## DIRECTIONS
The answer must be only the lines below from the one holding "CABIN 9-151 —" down to the one holding "Pre-race: Note who has the only soft drink!", ends included, printed exactly; please omit all pictures.

(Entries taken from a collection)
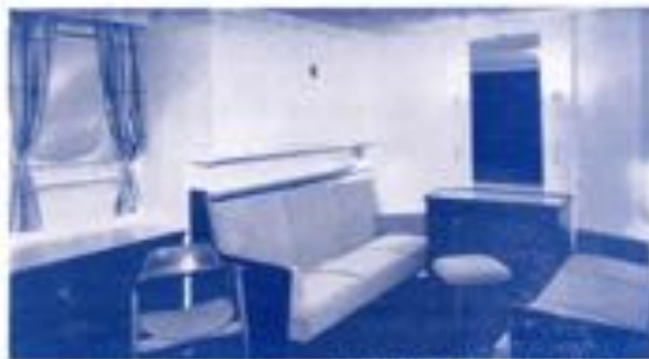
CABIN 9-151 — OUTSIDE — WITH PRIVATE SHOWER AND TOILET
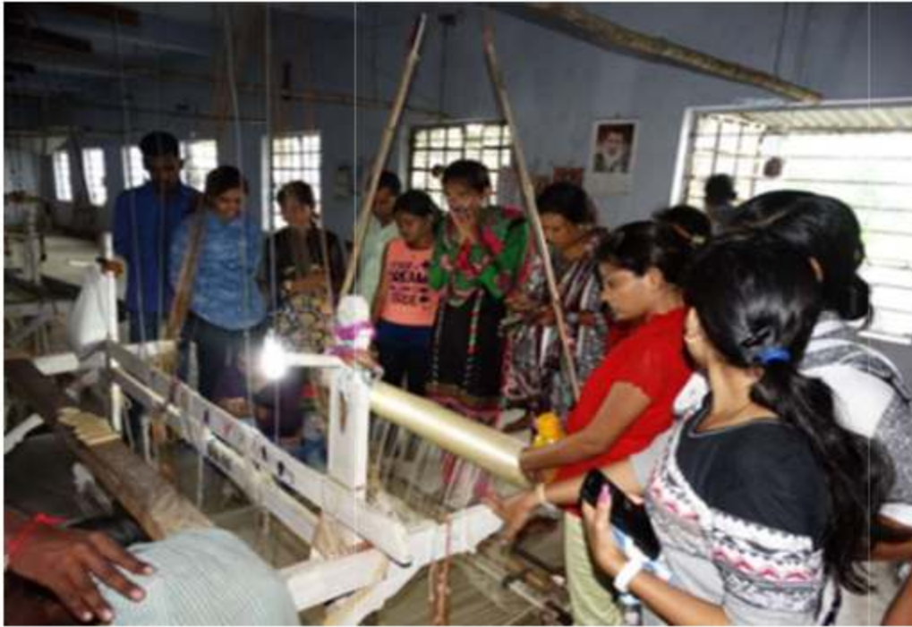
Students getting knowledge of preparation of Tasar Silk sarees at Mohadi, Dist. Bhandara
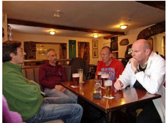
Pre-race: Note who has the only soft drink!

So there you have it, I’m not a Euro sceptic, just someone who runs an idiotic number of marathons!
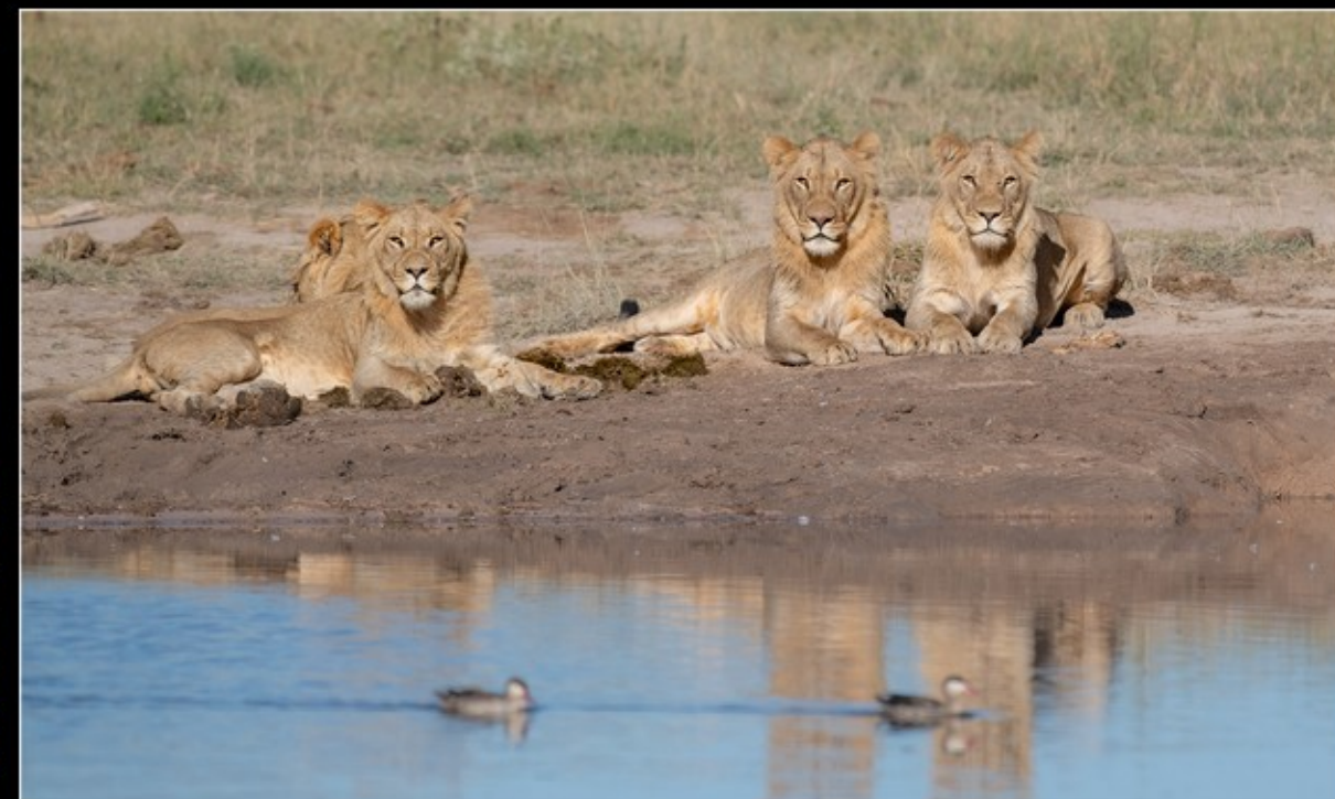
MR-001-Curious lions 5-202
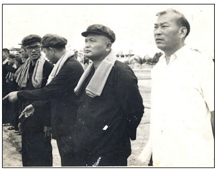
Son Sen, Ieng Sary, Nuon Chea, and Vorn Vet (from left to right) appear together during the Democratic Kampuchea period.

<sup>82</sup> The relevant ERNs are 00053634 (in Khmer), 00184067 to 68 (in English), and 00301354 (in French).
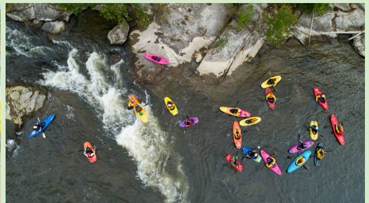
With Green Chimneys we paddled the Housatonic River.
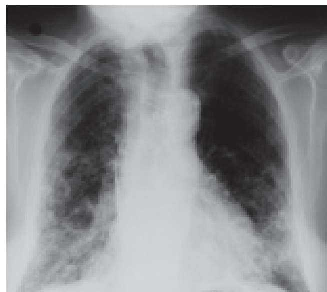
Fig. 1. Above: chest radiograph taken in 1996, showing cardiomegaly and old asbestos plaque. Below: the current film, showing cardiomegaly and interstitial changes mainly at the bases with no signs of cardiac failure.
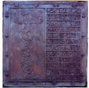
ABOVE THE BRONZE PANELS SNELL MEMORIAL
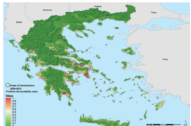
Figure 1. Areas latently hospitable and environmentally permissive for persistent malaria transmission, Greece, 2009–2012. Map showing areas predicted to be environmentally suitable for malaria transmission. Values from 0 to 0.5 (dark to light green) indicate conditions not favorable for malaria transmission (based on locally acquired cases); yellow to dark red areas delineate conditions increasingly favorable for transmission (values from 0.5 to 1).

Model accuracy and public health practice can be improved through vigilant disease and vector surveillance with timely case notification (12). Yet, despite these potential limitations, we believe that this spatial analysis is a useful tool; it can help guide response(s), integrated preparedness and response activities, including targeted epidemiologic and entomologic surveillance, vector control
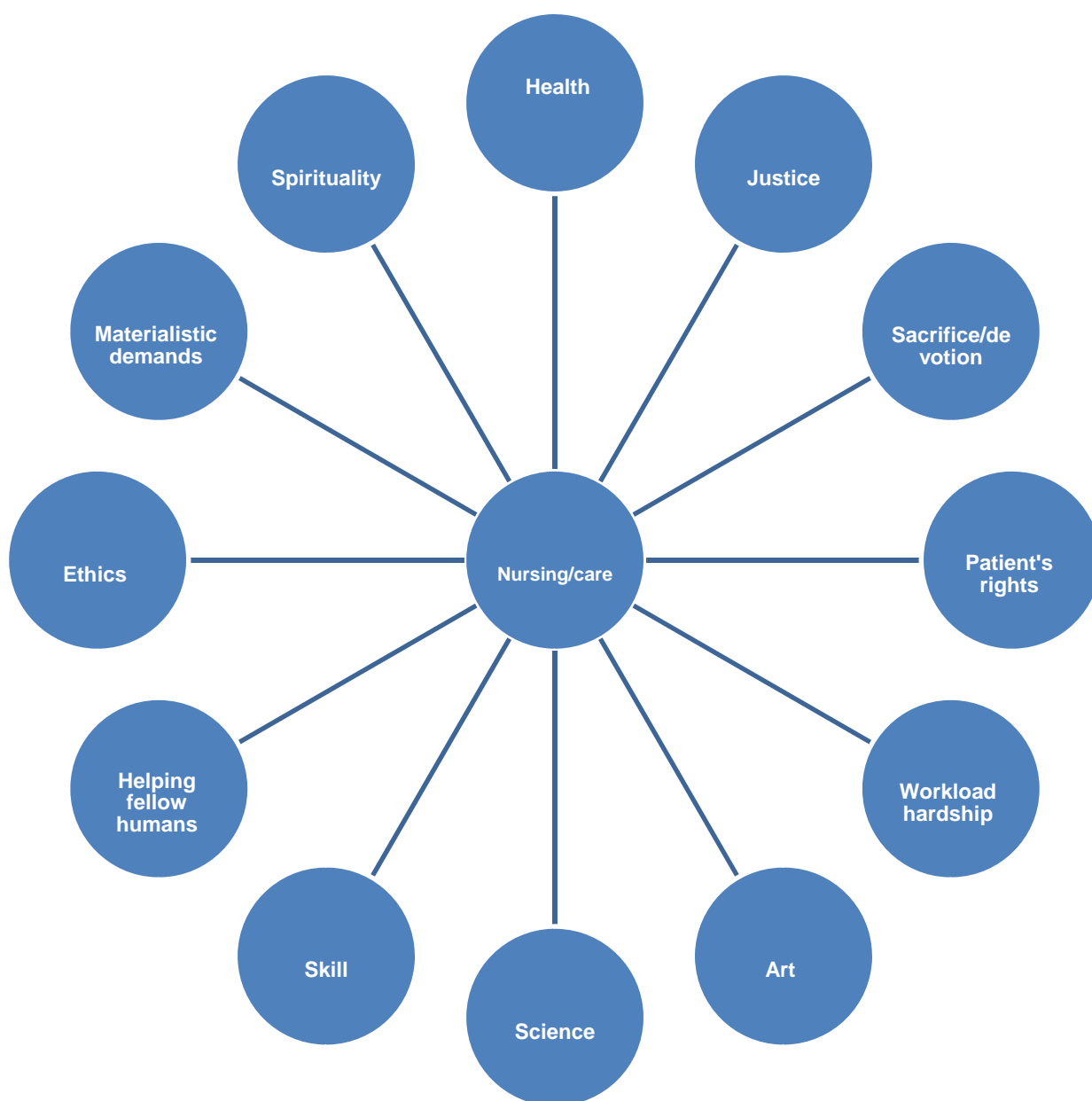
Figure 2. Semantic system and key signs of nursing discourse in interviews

==

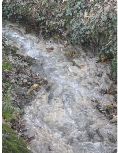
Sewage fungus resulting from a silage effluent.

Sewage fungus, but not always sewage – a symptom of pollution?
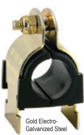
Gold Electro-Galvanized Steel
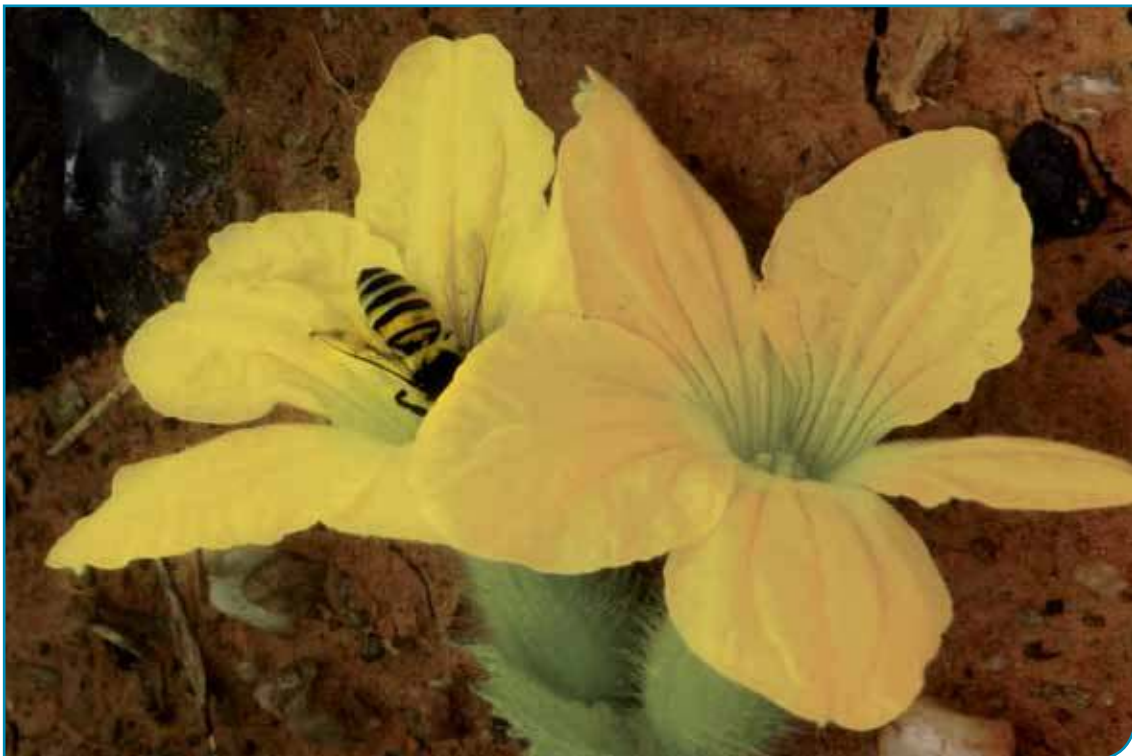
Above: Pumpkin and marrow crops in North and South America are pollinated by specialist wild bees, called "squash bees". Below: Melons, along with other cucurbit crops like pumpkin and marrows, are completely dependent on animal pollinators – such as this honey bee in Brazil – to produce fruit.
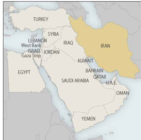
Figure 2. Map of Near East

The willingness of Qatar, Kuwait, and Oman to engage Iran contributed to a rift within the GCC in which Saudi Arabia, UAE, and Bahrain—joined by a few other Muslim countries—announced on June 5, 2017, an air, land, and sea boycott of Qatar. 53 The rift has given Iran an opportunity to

## RESPONSE BELOW
CABIN 9-151 — OUTSIDE — WITH PRIVATE SHOWER AND TOILET
Students getting knowledge of preparation of Tasar Silk sarees at Mohadi, Dist. Bhandara
Pre-race: Note who has the only soft drink!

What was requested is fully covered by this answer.